To export armatures from Blender, simply toggle on the Animation and Primitive Types / Armatures check boxes in the export options. Please see more information in the documentation.

That would be perfect actually. And a must needed feature :)

Yep that was my guess too. I was able to use directly omniverse script console to change it back to the orginal :)

Thanks, I’ll try this today

Thanks for the feedback, @eliabntt94 . We’ll work on adding the subdirectory to the texture paths.

Dear @makowalski can you also take a look to this blend file?

You should be able to open it and see clearly that meshes are not overlapping during the animation.
However, when I export it from blender to usd I notice problems in the trousers (around frame 50/60) and also on the back of the subject while it is walking.

Do you have any suggestion?

strange_thing.blend (77.9 MB)

Hi @eliabntt94 . The skeleton representations in Blender and USD are a little different, so I’m not surprised if there are small differences in the mesh deformation. I noticed that the clothing animation is baked out as a vertex cache, is that right? Could you export the clothing animation as an armature as well? Maybe if the USD skeleton animates both the clothing and figure then that will help with the intersection issue.

Unfortunately, not it cannot be exported as an armature, unless you have a simple way to convert the representations without a pre=existing rigging of the mesh (I was not able to find anything able to do that).

What is strange is that in blender everything is rendered correctly. Probably the two meshes are too near one with the other.

Sidenote, please consider providing an option to suppress the output when bpy.ops.wm is called manually as it floods the terminal.

Might it be that in the code you are cleaning/limiting the weights of the vertices?

What I noticed is that Shape Keys in blender are relative while in omniverse it seems that you use the interpolation for the skinning method.

Any idea on how to solve this would be highly appreciated. Otherwise I will have to use vertex cache also for the body (that one I have), but that will double the filesize when in output unfortunately.

Hi @eliabntt94 . I’m investigating a fix currently and will have another update for you soon, once I confirm that it’s working. Thanks very much for reporting this issue. The feedback is appreciated.

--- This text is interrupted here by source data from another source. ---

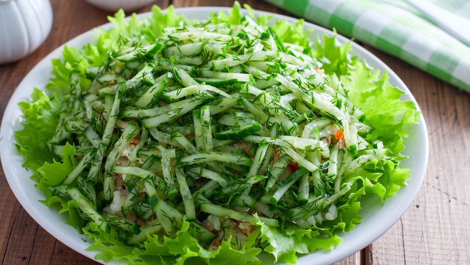 Na dnie półmiska rozłóż liście sałaty, tworząc bazę dla kolejnych warstw. Ugotowany ryż wymieszaj z odrobiną majonezu i rozprowadź na sałacie. Następnie rozdrobnij wędzonego łososia i ułóż go równomiernie na ryżu. Cebulę odcedź i rozłóż na łososiu, a następnie posmaruj warstwą majonezu. Kolejna warstwa to podsmażona marchewka, również pokryta cienką warstwą majonezu. Na koniec ułóż ogórka z koperkiem, tworząc dekoracyjną kopułę.
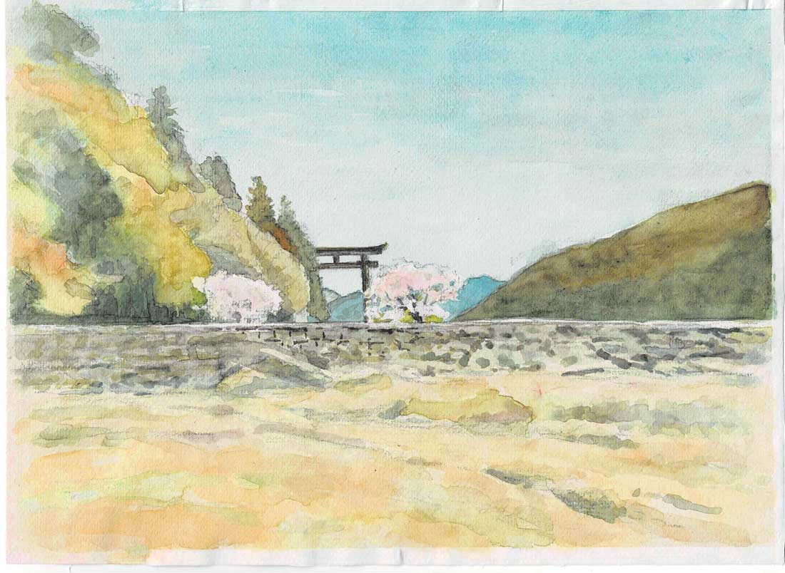 熊野本宮大社の大鳥居の遠望である。鳥居を挟んで両脇の桜が印象的。画面左の木立の向こうは大斎原(おおゆのはら)といって、大洪水で流されてしまう前、熊野本宮大社が鎮座していた場所で、今も何とも荘厳な空間であった。この絵は、熊野川の河原に面した空地から描いたもの。(2026.3.21) |
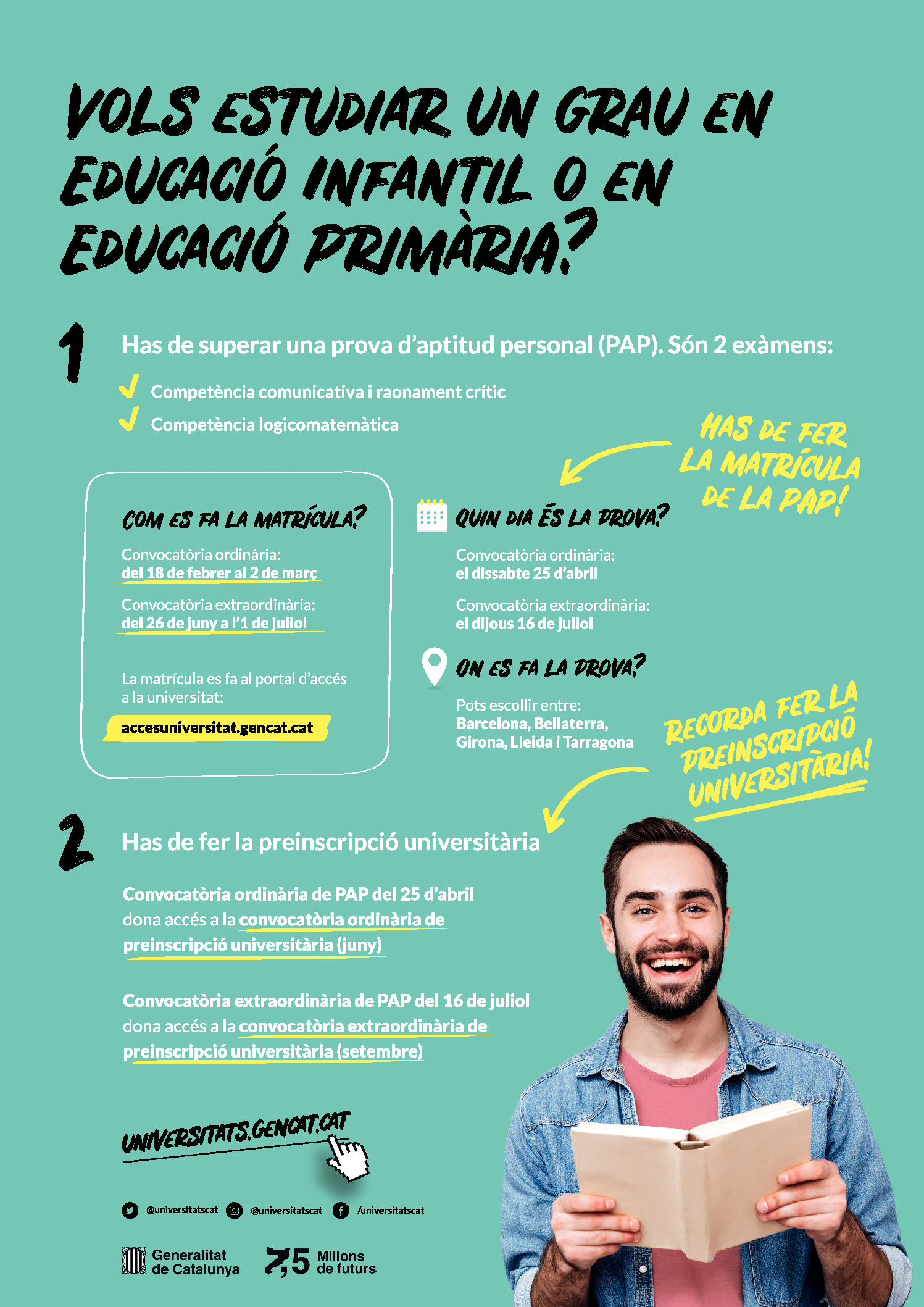 Els interessats en realitzar aquests graus universitaris han de realitzar una prova d’aptitud personal (PAP). La matrícula de la PAP és del 18 de febrer al 2 de març. La prova es realitzarà el 25 […]

@eliabntt94 Unfortunately, I don’t think there is anything I can do immediately to fix the intersection issue, as I believe the way the vertex weights are currently applied is correct. Of course, we’ll keep looking into this. I will open an internal task to continue investigating this question and will let you know if we find a solution…

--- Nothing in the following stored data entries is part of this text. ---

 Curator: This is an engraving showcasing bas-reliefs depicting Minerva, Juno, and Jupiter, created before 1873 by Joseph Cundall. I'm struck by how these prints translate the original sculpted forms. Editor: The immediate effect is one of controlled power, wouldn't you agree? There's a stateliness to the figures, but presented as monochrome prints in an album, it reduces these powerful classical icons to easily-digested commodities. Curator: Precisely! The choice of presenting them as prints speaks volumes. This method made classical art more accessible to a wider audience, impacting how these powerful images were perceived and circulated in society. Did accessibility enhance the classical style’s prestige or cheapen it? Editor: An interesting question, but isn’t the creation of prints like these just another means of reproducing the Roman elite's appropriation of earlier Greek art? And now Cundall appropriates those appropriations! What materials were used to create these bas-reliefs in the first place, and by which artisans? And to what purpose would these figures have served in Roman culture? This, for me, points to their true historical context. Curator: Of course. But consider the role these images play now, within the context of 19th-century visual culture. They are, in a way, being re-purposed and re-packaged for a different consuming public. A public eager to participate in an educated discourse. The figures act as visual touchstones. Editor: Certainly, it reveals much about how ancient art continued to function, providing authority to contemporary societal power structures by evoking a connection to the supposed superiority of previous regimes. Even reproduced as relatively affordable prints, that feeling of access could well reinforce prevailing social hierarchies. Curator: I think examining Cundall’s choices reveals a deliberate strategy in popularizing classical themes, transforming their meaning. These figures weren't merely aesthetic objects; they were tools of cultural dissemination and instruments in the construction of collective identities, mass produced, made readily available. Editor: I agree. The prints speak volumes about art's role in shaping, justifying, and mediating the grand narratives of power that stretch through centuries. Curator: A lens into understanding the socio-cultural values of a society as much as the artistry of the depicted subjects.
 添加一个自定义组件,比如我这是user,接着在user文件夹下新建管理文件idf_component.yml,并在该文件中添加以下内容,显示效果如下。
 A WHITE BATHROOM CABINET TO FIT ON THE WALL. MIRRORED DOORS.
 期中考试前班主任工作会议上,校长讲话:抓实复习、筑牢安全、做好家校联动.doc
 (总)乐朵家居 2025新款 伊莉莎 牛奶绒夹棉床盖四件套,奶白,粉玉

In the near term, to work around this, is there any way you can generate the cloth animation for the clothes with a larger offset from the body?

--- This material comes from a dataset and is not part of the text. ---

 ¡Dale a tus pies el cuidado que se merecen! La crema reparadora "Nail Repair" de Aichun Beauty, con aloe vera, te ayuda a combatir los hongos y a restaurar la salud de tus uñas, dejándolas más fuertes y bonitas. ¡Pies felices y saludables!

Otherwise, saving a vertex cache animation might be the most reliable approach. One way to reduce the size of the file on disk is to split the shirt, trousers and body into separate USDs that you can then load as individual layers in Create. You can save a particular object to a USD by making just that object visible in the scene and enabling the Visible Only toggle in the USD export options.

(Also, I’ve noted your request for suppressing the output. Thanks for the feedback on this.)

I’ll try with the split. Unfortunately, when I scale the shirt/trousers everything gets moved around since the applied meshcache is no longer correct. Indeed, armature bone locations seem correct. I’ve only noticed that, in the exported USD, changing the skel:skinningMethod does change the shape of the body. Might be that this is the different component between omniverse and blender.

The output is noticeable when one call bpy.wm.ops.usd_export either from console or script. Calling from the UI it is suppressed. I tried to redirect the output through python coding but it does not seem to work.

Hi @makowalski, I’ve a related question. Do you know how I can add a collision to my animation (considering that I use the vertex cache)? I’m not able to make it work, it just considers the first frame.

Hi @eliabntt94. My apologies for the delayed reply. I’ve directed your question to the physics team and will let you know when I hear back. Thanks!

@eliabntt94 I’m told that collisions against deforming vertices isn’t currently supported, unfortunately.